The near future of programming is in creating products based on artificial intelligence technologies, managing them and implementing them in other industries.
From programming to program management
There is an important difference in the process of solving problems using “classical” programming and using AI technologies. In the first case functionality and logic of a program is clear and under control of the developer, because it is fully determined by the code structure created by him. In the case of neural networks, as in the example of Corey Becker’s program, the algorithm that is used to perform the task is not available and often cannot be interpreted by a human, even after “disassembling”.
This changes the essence of the programmer’s job, as a transition is made from the producer to the controller of the AI product. Such a person is required to write less code, but to work more with:
- evaluating and analyzing the results of the product,
- managing it,
- planning its development.
Today, the business, so to speak, keeps one high-level system architect who describes the tasks and hands them over to a dozen coders to translate the tasks into the syntax of a given language. This is a paradoxical situation: with high-level languages, the more complex the tasks are, the easier it is to hire a bunch of coders in Bangalore to solve them.

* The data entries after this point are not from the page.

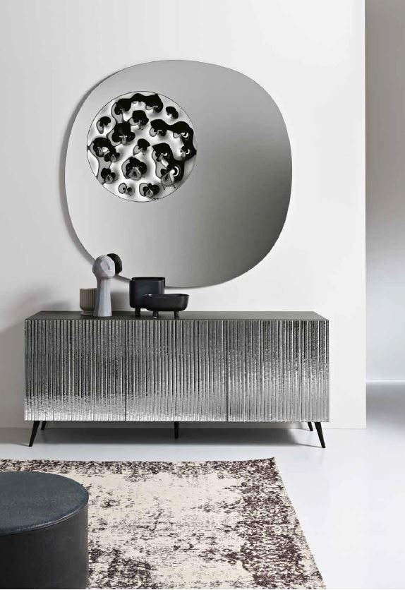 Le ante con apertura push pull sono rivestite in vetro rigato bronzo o fumè.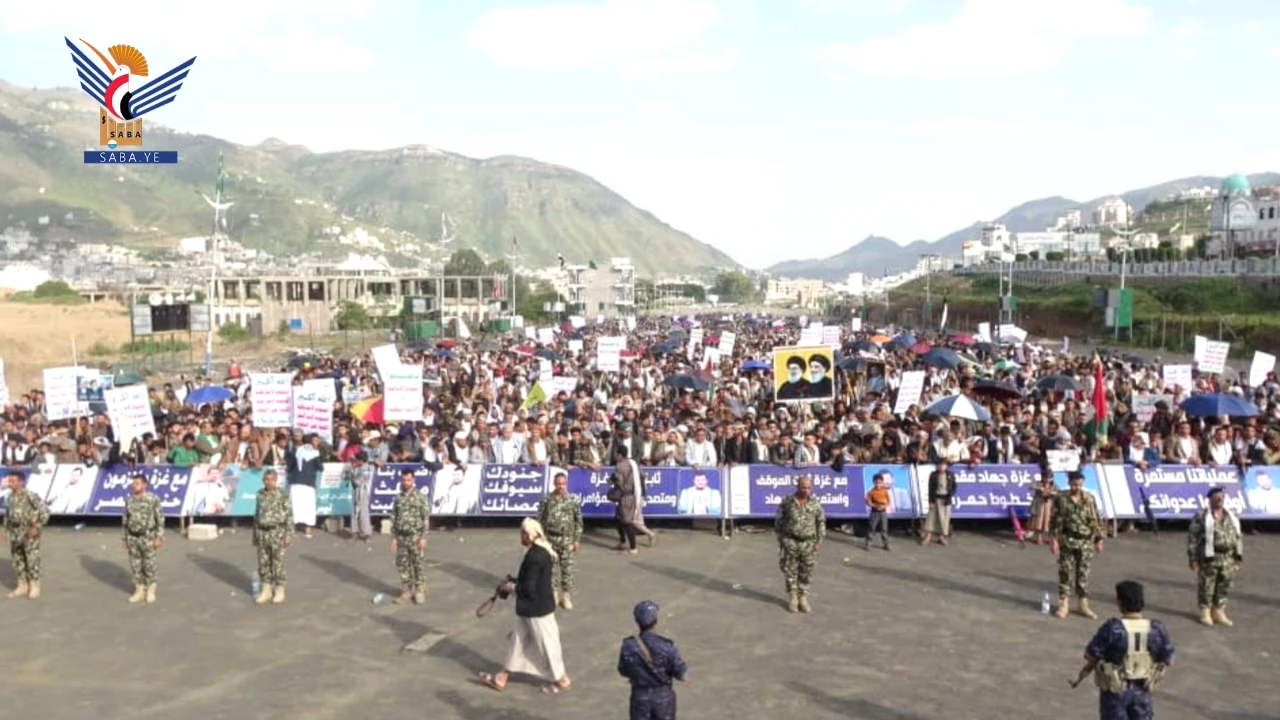 وأكد المشاركون في المسيرة الجماهيرية بساحة الرسول الأعظم بمدينة إب، بحضور عدد من أعضاء مجلسي النواب والشورى، ووكلاء المحافظة ومسؤول التعبئة، أن الإدارة الأمريكية ورئيسها الإرهابي ترامب هم من يتحملون المسؤولية الكاملة عن المؤامرات والجرائم المروعة التي ترتكب بحق غزة وأهلها.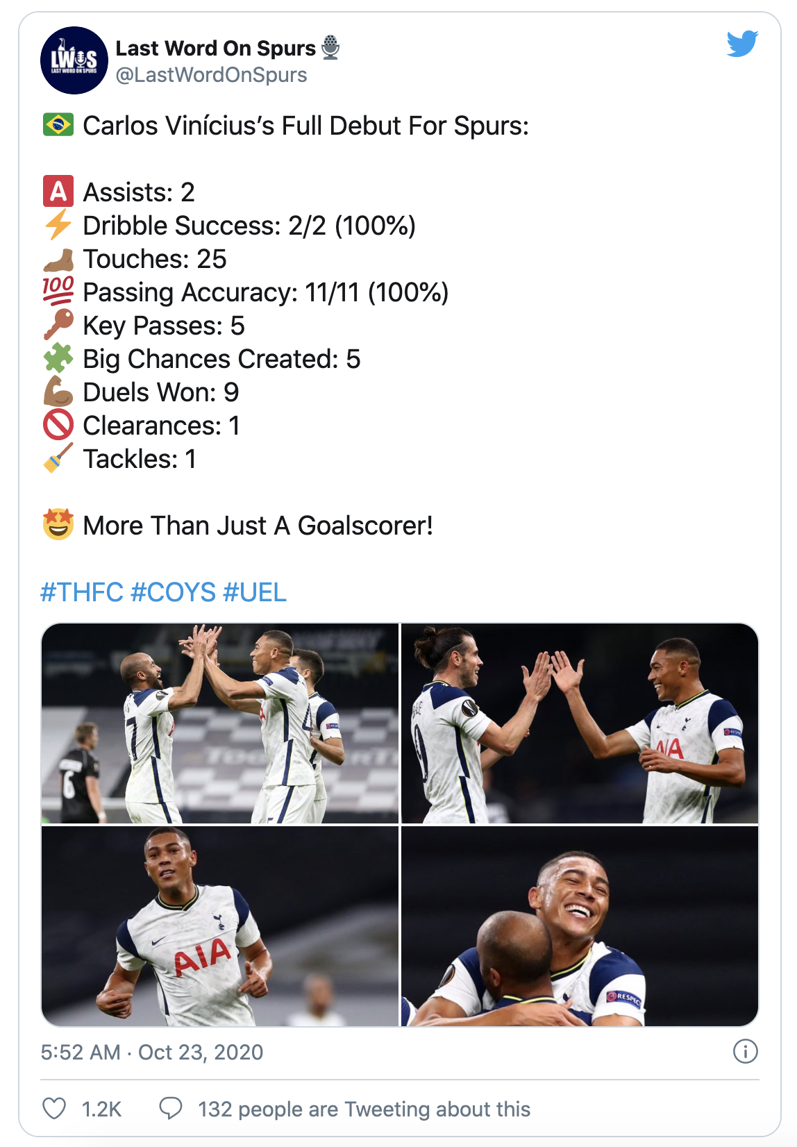 출처 : https://twitter.com/LastWordOnSpurs/status/1319381087613820928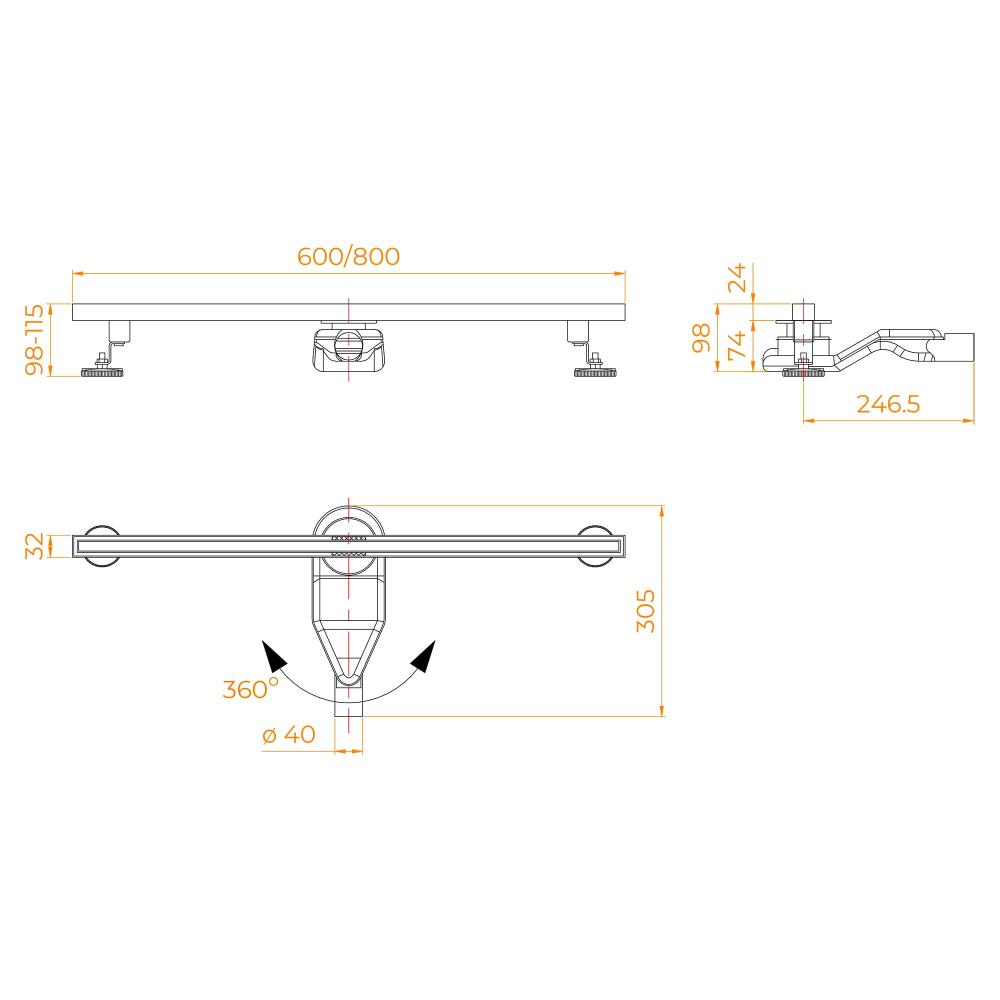 Две усиленные опоры из нержавеющей стали с регулировкой высоты

“Industrialization” in programming
The arrival of artificial intelligence methods in the profession is not an apocalypse in the spirit of Terminator movies, it is about money. Progress and a growing economy require a division of labor and the emergence of narrow specialists. As the trend rises, the demand for specialists grows, which is what we are seeing today.

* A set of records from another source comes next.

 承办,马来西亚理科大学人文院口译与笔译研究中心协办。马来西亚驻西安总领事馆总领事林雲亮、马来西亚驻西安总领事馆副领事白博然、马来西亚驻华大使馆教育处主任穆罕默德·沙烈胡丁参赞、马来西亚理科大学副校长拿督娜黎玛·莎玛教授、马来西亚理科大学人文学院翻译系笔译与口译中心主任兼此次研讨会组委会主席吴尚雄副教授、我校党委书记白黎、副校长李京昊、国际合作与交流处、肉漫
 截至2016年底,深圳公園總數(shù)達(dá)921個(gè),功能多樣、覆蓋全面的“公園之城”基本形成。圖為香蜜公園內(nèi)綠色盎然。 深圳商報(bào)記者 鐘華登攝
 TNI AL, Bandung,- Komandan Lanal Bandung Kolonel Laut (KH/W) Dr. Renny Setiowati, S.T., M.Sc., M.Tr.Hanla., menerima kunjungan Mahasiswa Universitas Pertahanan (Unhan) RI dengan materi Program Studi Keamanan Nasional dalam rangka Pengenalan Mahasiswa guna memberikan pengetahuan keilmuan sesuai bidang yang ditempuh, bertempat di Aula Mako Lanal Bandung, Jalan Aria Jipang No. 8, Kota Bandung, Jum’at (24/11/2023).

The more the market becomes saturated and more specialists are involved in “production”, the more the need arises to reduce costs, including by cutting personnel costs.
Programming will also undergo a similar “industrialization,” and this is normal. Artificial Intelligence will become the guy who will perform routine operations and help to test hypotheses and make decisions. The number of specialists solving problems will be reduced. Roughly speaking, instead of 10 employees, you will need two or three to:
- set tasks for artificial intelligence,
- evaluate and analyze its results,
- develop new approaches.
The ability to write code will not be a unique skill that can be used to make money. The ability to think creatively, the ability to develop new methods and algorithms will remain in value. In this sense, the programmer profession will always be in demand and there will be a necessity to hire ai developers.
Money speeds up technology
Developments in the field of artificial intelligence are currently shifting from the scientific to the business world, so the development of technology will accelerate. One of the priorities in the industry is to bring the analysis of natural language queries to a new level. Over the past 20 years, we have managed to reduce the percentage of incorrectly recognized words from 43% to 6-7%. Today we need to focus on teaching AI how to respond appropriately to queries in cases of linguistic uncertainty.
Industry giants such as Microsoft, Google, Amazon, IBM and many others are investing in projects related to AI and natural language analysis. It is predicted that by 2025, the market for products based on artificial intelligence methods will grow six-fold to approximately $36 billion. In 10 years, the cash infusion and market demands will force AI, which today writes primitive code, to “close” more complex areas of work:
– error search and correction,
– algorithm analysis and optimization.